Dataset excerpts
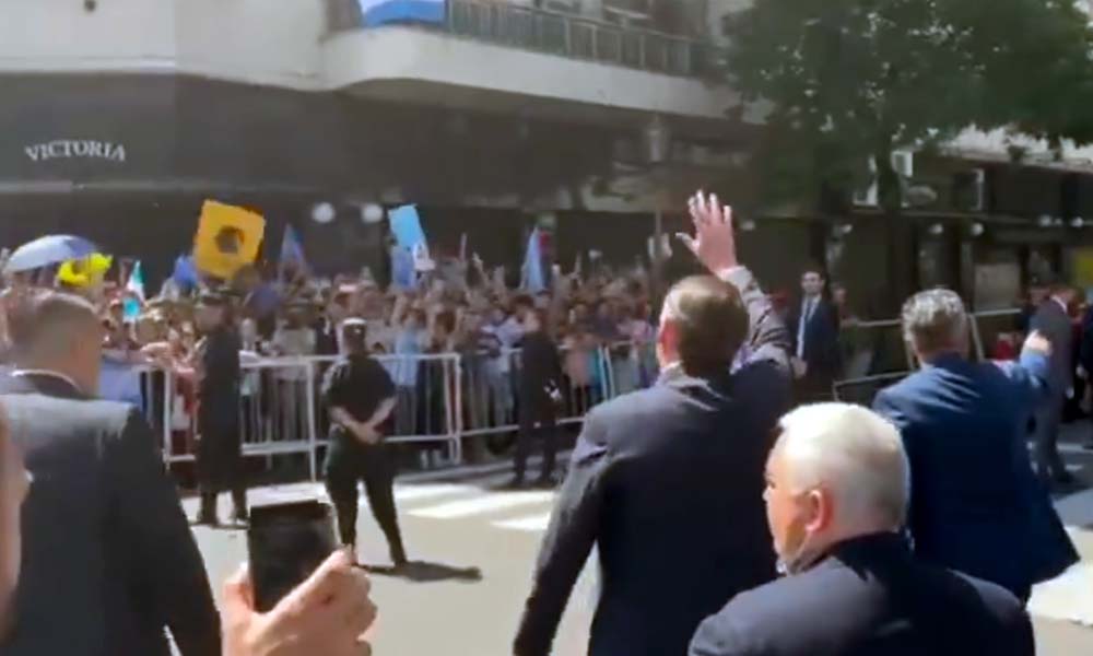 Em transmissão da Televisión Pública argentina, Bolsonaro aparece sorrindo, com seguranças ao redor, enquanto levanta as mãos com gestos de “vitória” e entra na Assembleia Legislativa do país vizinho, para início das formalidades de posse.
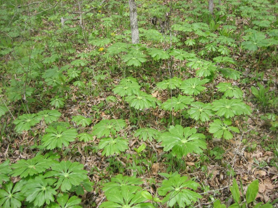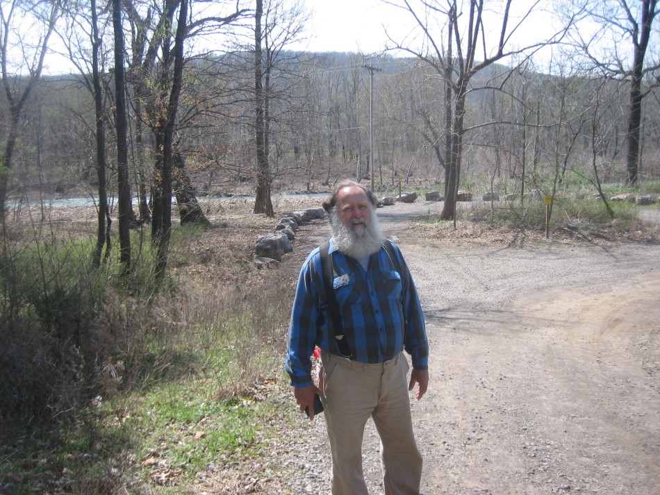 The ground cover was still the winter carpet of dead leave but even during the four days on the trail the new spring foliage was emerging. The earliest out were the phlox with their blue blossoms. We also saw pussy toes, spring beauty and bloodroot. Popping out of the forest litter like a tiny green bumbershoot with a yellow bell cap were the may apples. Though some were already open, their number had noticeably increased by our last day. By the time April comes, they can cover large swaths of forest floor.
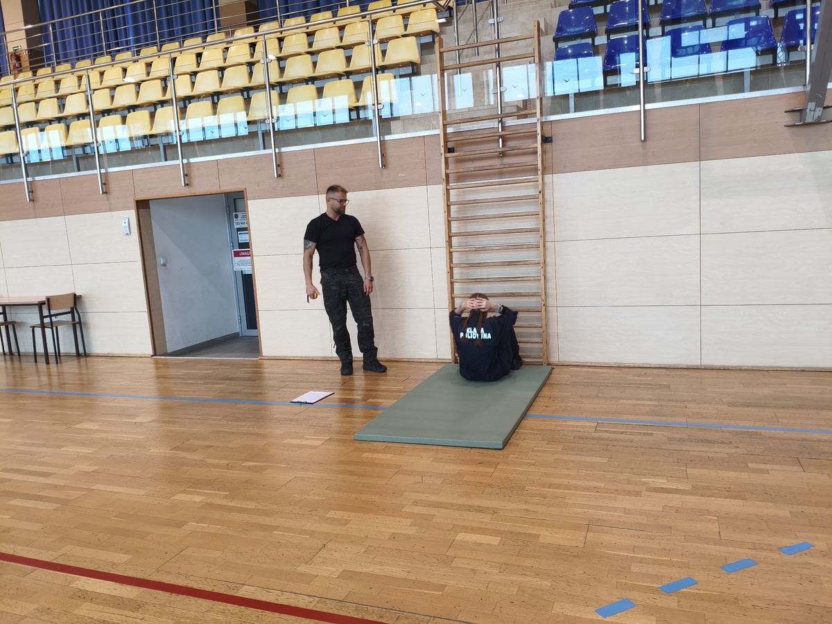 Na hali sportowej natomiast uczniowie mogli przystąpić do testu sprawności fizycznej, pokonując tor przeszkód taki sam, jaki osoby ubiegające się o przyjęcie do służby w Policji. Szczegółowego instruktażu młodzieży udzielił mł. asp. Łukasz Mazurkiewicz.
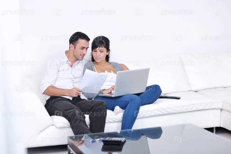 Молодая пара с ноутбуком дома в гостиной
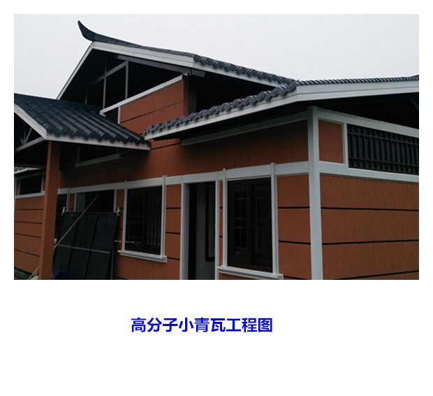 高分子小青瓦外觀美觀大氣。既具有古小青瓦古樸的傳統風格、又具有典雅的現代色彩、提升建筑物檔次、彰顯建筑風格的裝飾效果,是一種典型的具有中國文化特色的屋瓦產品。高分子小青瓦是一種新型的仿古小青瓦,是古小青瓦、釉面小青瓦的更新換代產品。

■ Problem to solve ■
Write out all the records exactly, omitting the images.

■ Task solution ■
 Em transmissão da Televisión Pública argentina, Bolsonaro aparece sorrindo, com seguranças ao redor, enquanto levanta as mãos com gestos de “vitória” e entra na Assembleia Legislativa do país vizinho, para início das formalidades de posse.
 The ground cover was still the winter carpet of dead leave but even during the four days on the trail the new spring foliage was emerging. The earliest out were the phlox with their blue blossoms. We also saw pussy toes, spring beauty and bloodroot. Popping out of the forest litter like a tiny green bumbershoot with a yellow bell cap were the may apples. Though some were already open, their number had noticeably increased by our last day. By the time April comes, they can cover large swaths of forest floor.
 Na hali sportowej natomiast uczniowie mogli przystąpić do testu sprawności fizycznej, pokonując tor przeszkód taki sam, jaki osoby ubiegające się o przyjęcie do służby w Policji. Szczegółowego instruktażu młodzieży udzielił mł. asp. Łukasz Mazurkiewicz.
 Молодая пара с ноутбуком дома в гостиной
 高分子小青瓦外觀美觀大氣。既具有古小青瓦古樸的傳統風格、又具有典雅的現代色彩、提升建筑物檔次、彰顯建筑風格的裝飾效果,是一種典型的具有中國文化特色的屋瓦產品。高分子小青瓦是一種新型的仿古小青瓦,是古小青瓦、釉面小青瓦的更新換代產品。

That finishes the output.